Archive for October, 2009

World Class

October 27, 2009
Bell's Festival

The Bell's Festival in Cape Town provides tuition for neophyte anglers.

I have been out participating as a guide at the Bell’s Fly Fishing Festival, sponsored by that iconic brand “Bell’s Extra Special Scotch” and held on the gorgeous streams of the Limietberg Reserve .

The Cape version of this festival, one of many Bell’s Festivals throughout the country, is just a tad different. Us Capetonians rather like things to be a little different and here instead of competitive fishing the focus is on assisting neophyte anglers to overcome and master the technicalities of fishing catch and release waters full of some pretty well educated trout. Guides and experienced anglers give up their time and freely pass on their expertise to the newcomers with on-stream guiding and tuition and it is always a wonderful event.

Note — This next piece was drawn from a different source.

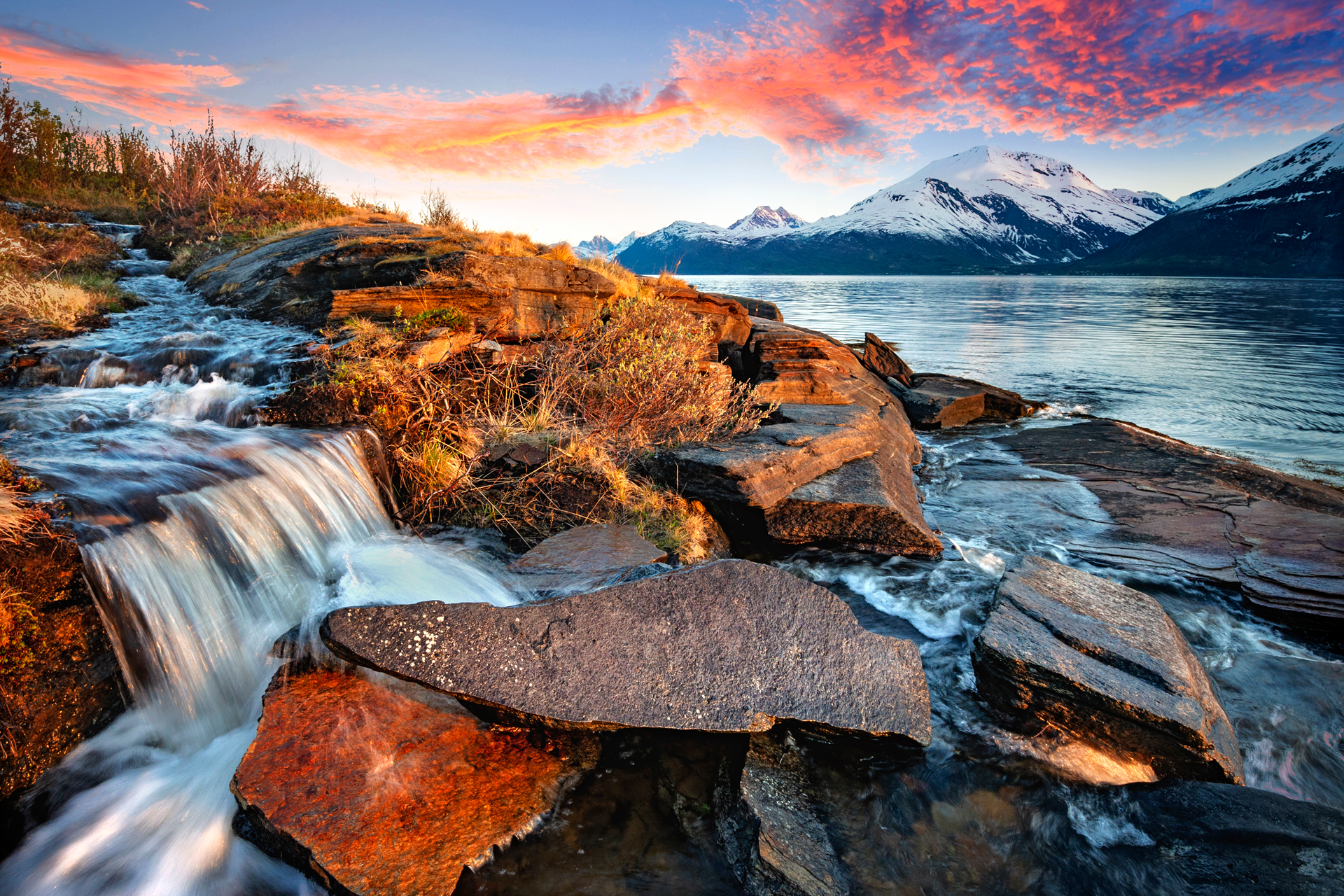 We verlaten Tromsø, de grootste stad boven de poolcirkel, om vervolgens aan boord van overzetboten te gaan die ons eerst over de Storfjord en daarna over de Lyngenfjord brengen. Ondertussen genieten we van het uitzicht op de Lyngenalpen. Na dit feeërieke schouwspel gaan we lunchen op een berg met een uniek uitzicht op de omliggende rotsen, dalen en fjorden. In de namiddag rijden we door de bergpas Kvænangsfjell verder in de richting van Alta. Onderweg stoppen we regelmatig om te genieten van de prachtige natuur. Vannacht verblijven we in Arctic Wilderness Lodge 4*, een zeer gezellig hotel dat prachtig ingericht is en een geweldige architectuur heeft. Deze eersteklas wildernis is aan de oever van de internationaal bekende rivier Alta gebouwd.

I doubt that any fly angler, no matter how skilled or egotistical could honestly vouch that they have never benefited from the guidance of another, and the Bell’s festival provides orchestrated means to give something back.

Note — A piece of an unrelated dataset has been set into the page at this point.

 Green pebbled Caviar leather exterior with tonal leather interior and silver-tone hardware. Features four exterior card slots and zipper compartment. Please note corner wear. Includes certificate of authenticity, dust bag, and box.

We had some glorious fishing, the waters had dropped and were at near perfect levels, slighting stained by natural tannins leached from the surrounding soils to the colour of well watered whisky, appropriate perhaps given the business of our main sponsors.

It was good but not overly easy, a great combination when you are teaching, you don’t wish to give the impression that things are too simple, and yet you do hope that your “cients” will at least enjoy a modicum of success. We found trout rising freely in the morning, things quietened down a few times during the day but all in all it was a great outing, my “clients” I think appreciated the assistance, benefitted from the experience and we all enjoyed a glorious day out in the most splendid of locations. Ericas and pelargoniums provided colourful counterpoint to the rather drap fynbos, and troupes of baboons wandered near the road as we walked in.

It was a superb summer’s day in Southern Africa and all was good. The Sunday saw everyone leave for home quite early, to the point that only myself and Stephen Dugmore were left at the hotel, drinking coffee and discussing fishing, until we both thought that perhaps it would be a good idea to drop into one of the beats for a quick cast or two on the way home.

We decided to just check things out as we drove past, make sure that the wind wasn’t howling and then make a decision. Of course once standing looking at a crystal clear trout stream the decision is already made, even if you try to pretend it isn’t and we decided to give it “an hour or two”.

Those few hours provided some of the best angling I have enjoyed in ages, although there weren’t fish moving much we both took fish in the first run. Really good fish, in the region of sixteen inches or so, which ran line off the reel and made us both work really hard to get them in the net. In fact we netted each other’s fish so as to get them in a little quicker, really cracking fish in perfect condition. Fish that had they come from a dam wouldn’t have looked out of place.


The fish taken were larger than this one, but all safely released to provide sport another day.

On releasing them their camouflage in the golden coloured stream was so good that they virtually disappeared in front of our eyes, often only their shadows on the rock bottom revealing their presence. World class stuff. Then we came to “the fish of the day”, an equally good fish, in the tail out of a large pool. She was holding high in the water, although still tricky to see, even in the flat water.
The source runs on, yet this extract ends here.